Aldama Cañada, en el kiló­metro 24 de la Ruta II, barrio San Miguel de la ciudad de Capiatá, a unos 21 kilóme­tros de la capital. Aquí vivía un familiar de Wilson. Fue lo más cercano que encontra­ron los investigadores entre el taller de chapería y la casa de Johan.

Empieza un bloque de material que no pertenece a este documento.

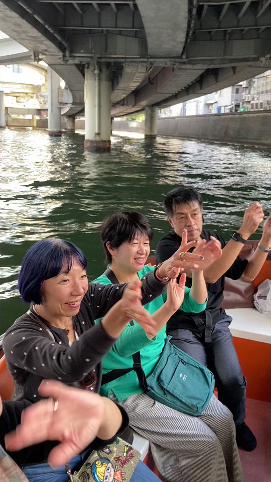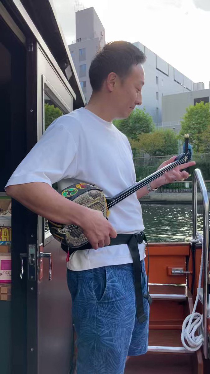 昨日10/21は秋を味わうひやおろし舟遊び。今田商店@imada1923 四代目今田健夫さんの解説で、夏越しの味わい深いひやおろしを利き酒。ほろ酔いとなったところで、教師免許を持つ健夫さん三線ライブ。手踊り楽しそうですね!締めは新川独特の、新川締めを教えてもらいました。
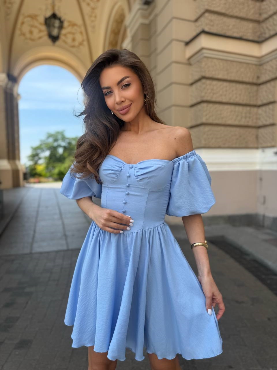 Легкое платье с открытыми плечами+объемным рукавчиком и пышной юбкой голубой
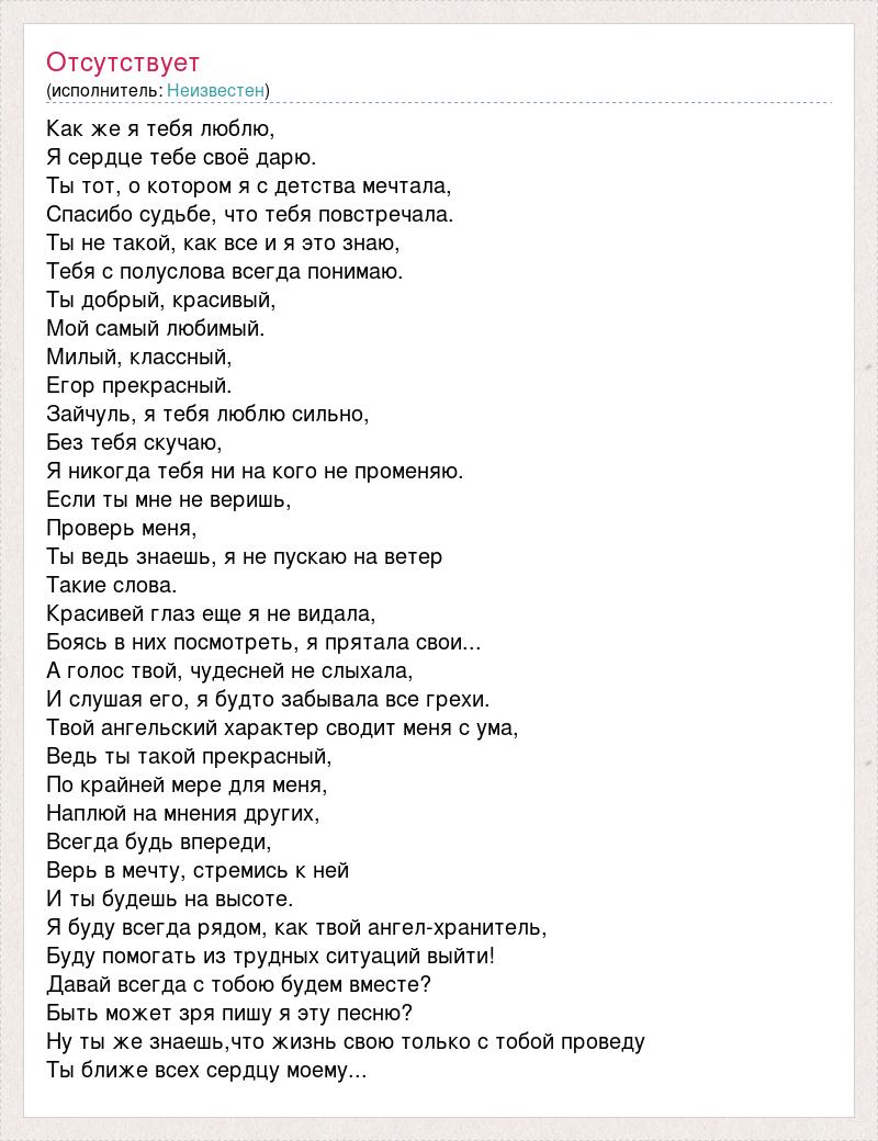 Как же я тебя люблю, Я сердце тебе своё дарю. Ты тот, о котором я с детства мечтала, Спасибо судьбе, что тебя повстречала. Ты не такой, как все и я это знаю, Тебя с полуслова всегда понимаю. Ты добрый, красивый, Мой самый любимый. Милый, классный, Егор прекрасный. Зайчуль, я тебя люблю сильно, Без тебя скучаю, Я никогда тебя ни на кого не променяю. Если ты мне не веришь, Проверь меня, Ты ведь знаешь, я не пускаю на ветер Такие слова. Красивей глаз еще я не видала, Боясь в них посмотреть, я прятала свои... А голос твой, чудесней не слыхала, И слушая его, я будто забывала все грехи. Твой ангельский характер сводит меня с ума, Ведь ты такой прекрасный, По крайней мере для меня, Наплюй на мнения других, Всегда будь впереди, Верь в мечту, стремись к ней И ты будешь на высоте. Я буду всегда рядом, как твой ангел-хранитель, Буду помогать из трудных ситуаций выйти! Давай всегда с тобою будем вместе? Быть может зря пишу я эту песню? Ну ты же знаешь,что жизнь свою только с тобой проведу Ты ближе всех сердцу моему...

Los agentes creían que en el atraco se utilizó inteli­gencia policiaca, es decir, lo planificaron pensando como agentes. Tener pun­tos de confianza cerca para abastecerse y aguardar por refuerzos en caso de ser necesario. Algo que para ese efecto quizás era indis­pensable, pero es inherente al uniformado su forma de actuar. El otro sitio donde iban a ejecutar allanamien­tos judiciales era en el barrio Tacuatí de Villeta, donde encontrarían el automóvil. Debían descartar que más personas estén involucradas en la protección de Wilson tras el atraco. Ambas ope­raciones se extendieron por horas, hasta la madrugada del 15 de setiembre.

En la mañana de ese mismo día, el grupo de trasnochados agentes y la fiscal llegaron a la casa de la suegra del policía Wilson Martínez y ¡bingo!

La noche de desvelo ten­dría su premio. Bajo el col­chón de una de las preca­rias habitaciones como reserva de un banco, y sin ser dinero, estaba el botín que buscaban.